On-Demand Service stops tracking uptime after the restart

Question

On-Demand Service stops tracking uptime after the restart

binlab opened this issue 2 years ago · comments

I got a similar issue with traefik-ondemand-plugin#23.
The issue happens when traefik-ondemand-service was crashed and reloaded or just redeployed in time when services were UP. After it happened, traefik-ondemand-service stops tracking uptime of all services which should be as expected.
Does it possible to add start initialization for tracking configured in timeouts in each service?

Alexis Couvreur · Answer 1 · Fri Apr 29 2022 16:13:33 GMT+0800 (China Standard Time)

The service tracks the service in memory, which means everything is lost upon restart.

Do you think that it should be kept in a persistent storage ?

If so, how would you implement such updates, because the updates are as frequent as there is an http call.

I think it should be a sync to file every 5s or so. I might implement that in a future release, what do you think?

Stanislas Bruhière · Answer 2 · Mon May 02 2022 23:37:24 GMT+0800 (China Standard Time)

Hey @acouvreur .
We discussed this matter today, I think this would be a great improvement !
Sometimes the container restarts and the service looses its state.

I think using a periodic write to file would make it scale better than a write every HTTP request. It would also make the implementation easier.

Maybe we could make the sync interval configuratble via an env variable.

Alexis Couvreur · Answer 3 · Tue May 03 2022 03:00:37 GMT+0800 (China Standard Time)

I'm looking for a Key Value store in memory that can be marshalled and unmarshalled to json

The lib im currently using is https://github.com/workshop-depot/tinykv

I might fork this to add the releveant features if I don't find any lib

https://github.com/tidwall/buntdb might be overkill and does not have a function upon eviction

Alexis Couvreur · Answer 4 · Sun May 08 2022 07:56:40 GMT+0800 (China Standard Time)

You can try it out now, take a look at #30

Feedback welcomed

Stanislas Bruhière · Answer 5 · Tue May 10 2022 16:03:16 GMT+0800 (China Standard Time)

Nice !
I'll give it a try today.

Stanislas Bruhière · Answer 6 · Wed May 11 2022 23:18:01 GMT+0800 (China Standard Time)

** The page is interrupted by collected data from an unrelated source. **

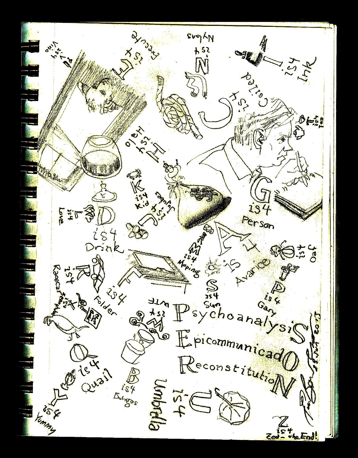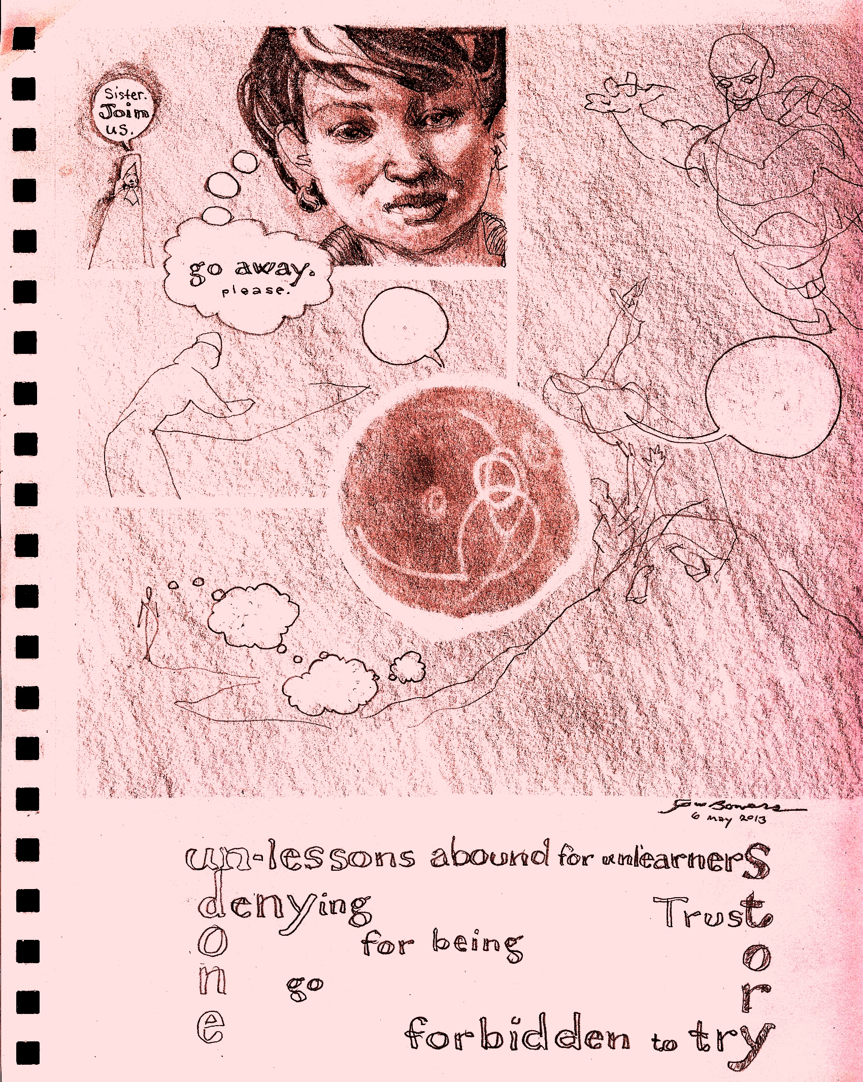 Done Thursday, August 15, 2019. Wite Conté crayon on black paper. 9″ x 12″.
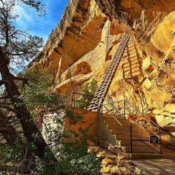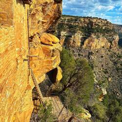 our reason for coming to Cortez was to explore Mesa Verde national park (#25 for us together on our USNP list). After a brilliant sunrise we headed into the park, best known for its cliff dwelling structures that the native Americans in the area built 700-1200 years ago. The three main ones to see have overlooks to see these dwellings along with others from afar, but you need a reservation for a ranger led hike to actually get close to them. Overall there are 600 dwellings within the park, which was very surprising to us. We tried like hades to get a permit to Square Tower House but the reservations were gone the second it opened for the day we were there. Luckily our second choice was available and we snagged our permits to explore Balcony House. We were extra lucky to get the first tour of the day (when you have the most peace and quiet in the structures) and extremely lucky to have one of two Indigenous Ranger interns. The fairly new program (this is its third summer) employs local indigenous people as interns to help lead conservation efforts and provide input on practices moving forward along with contributing historical information which previously was ignored or considered mythological. The ranger interns combine park interpretation, public speaking, and their cultural upbringing which made for a truly special tour.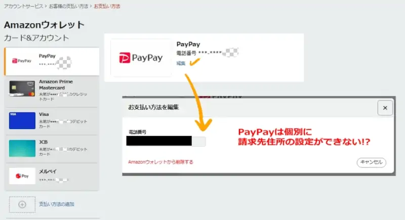 たぶん作成したての状態だと空白になっていると思いますが、ここがPayPayになっていなければ「お支払い方法:変更」のリンクからPayPayを優先するお支払い方法として選択します。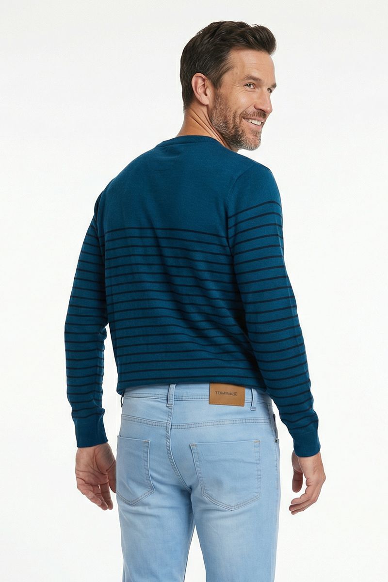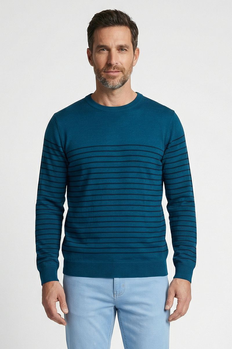 O Suéter Masculino Gola Careca Listrado Azul Profundo Caedu oferece estilo e conforto. Em tricot 100% poliéster, garante toque macio e durabilidade. Seu design listrado e gola careca proporciona um visual sofisticado e versátil.
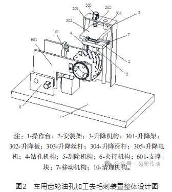 常見的齒輪油孔由于待加工齒輪的尺寸規(guī)格不同,油孔尺寸以及加工深度、加工精度要求也不同,因此加工時需考慮加工過程的裝夾機構(gòu)的通用性和加工尺寸的適應(yīng)性,刀具的轉(zhuǎn)速、進給速度需實現(xiàn)無極調(diào)速。同時,需考慮加工效率問題,油孔毛刺的去除工藝需在油孔加工完畢后自動高效去除并且該機構(gòu)的設(shè)計具備滿足不同孔徑和深度的孔的毛刺去除功能。因此,油孔加工裝置針對上述工藝問題而設(shè)計,主要適應(yīng)不同尺寸、型號的齒輪油孔加工并實現(xiàn)自動去毛刺功能。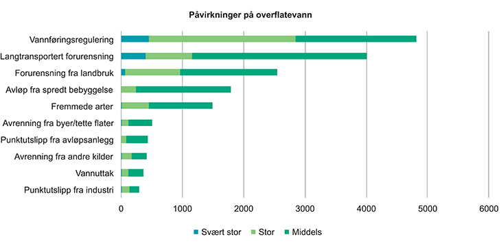 Inngrep i form av veier, drenering (ikke bare knyttet til landbruk, men generelt) og igjenfylling påvirker spesielt mindre vannforekomster (dammer, bekker), og har ført til at mange slike forekomster har forsvunnet eller blitt mer isolert. Påvirkning i form av forurensning omfatter punktkilder, diffus avrenning og langtransporterte forurensninger som bidrar til forsuring, overgjødsling og spredning av miljøgifter. Tålegrenser for forsuring av ferskvann er overskredet for minimum åtte prosent av Norges landareal. Det er særlig områder på Sør- og Vestlandet som er påvirket av forsuring. Innenfor jordbruk, kommunalt avløp og industri har det vært gjennomført en rekke tiltak for å redusere utslippene av næringssalter de siste 20–30 årene. Dagens utslipp er likevel så store at de har betydning for vannkvaliteten. Jordbruk og avløp er viktige kilder for overgjødsling i elver og innsjøer. Innsjøsedimentene i store deler av Sør-Norge er forurenset av bly, kvikksølv og kadmium. Disse miljøgiftene er først og fremst tilført gjennom langtransporterte luftforurensninger, og tilførslene er i ferd med å avta. Det er generelt liten fare for at de nivåene som nå måles er skadelige for planter og dyr. Unntaket er kvikksølv, som viser liten endring siden 1995 og som dessuten kan oppkonsentreres i næringskjedene, blant annet med høye konsentrasjoner i ferskvannsfisk. Samtidig er det mangelfull kunnskap om mengder og biologiske effekter av nye typer miljøgifter, som for eksempel brommerte flammehemmere.

Overall it's working very well !
I'm getting some errors
fatal error: concurrent map iteration and map write,
I don't really know if it's linked to your changes though. We encountered 5 restarts in one day.
It might be caused by another change as I updated from version 1 to 1.8.0-beta.1

I've been using the file to monitor the state of the service. I previously worked on generating Prometheus metrics for other projects. Do you think it would be a good idea to expose metrics for the same service ? We could also have another container that would read the state file to expose these metrics

Alexis Couvreur · Answer 7 · Wed May 11 2022 23:38:07 GMT+0800 (China Standard Time)

Thanks for the feedback, can you provide more info about the context of this log ?
fatal error: concurrent map iteration and map write,

It's probably because of me though 😆 I'll check my fork of the lib https://github.com/acouvreur/tinykv

I think exposing prometheus metrics is a good idea, it can be directly exposed through this service.

Stanislas Bruhière · Answer 8 · Thu May 12 2022 16:19:41 GMT+0800 (China Standard Time)

Sure, here are the end of the logs before a restart :
ods-error.log

Alexis Couvreur · Answer 9 · Thu May 12 2022 16:25:01 GMT+0800 (China Standard Time)

Pushed a fix on beta
96547ce

acouvreur/tinykv@45fc921

Stanislas Bruhière · Answer 10 · Thu May 12 2022 16:44:10 GMT+0800 (China Standard Time)

Upgrading to v1.8.0-beta.2 then !
I'll let you know if I encounter other issues.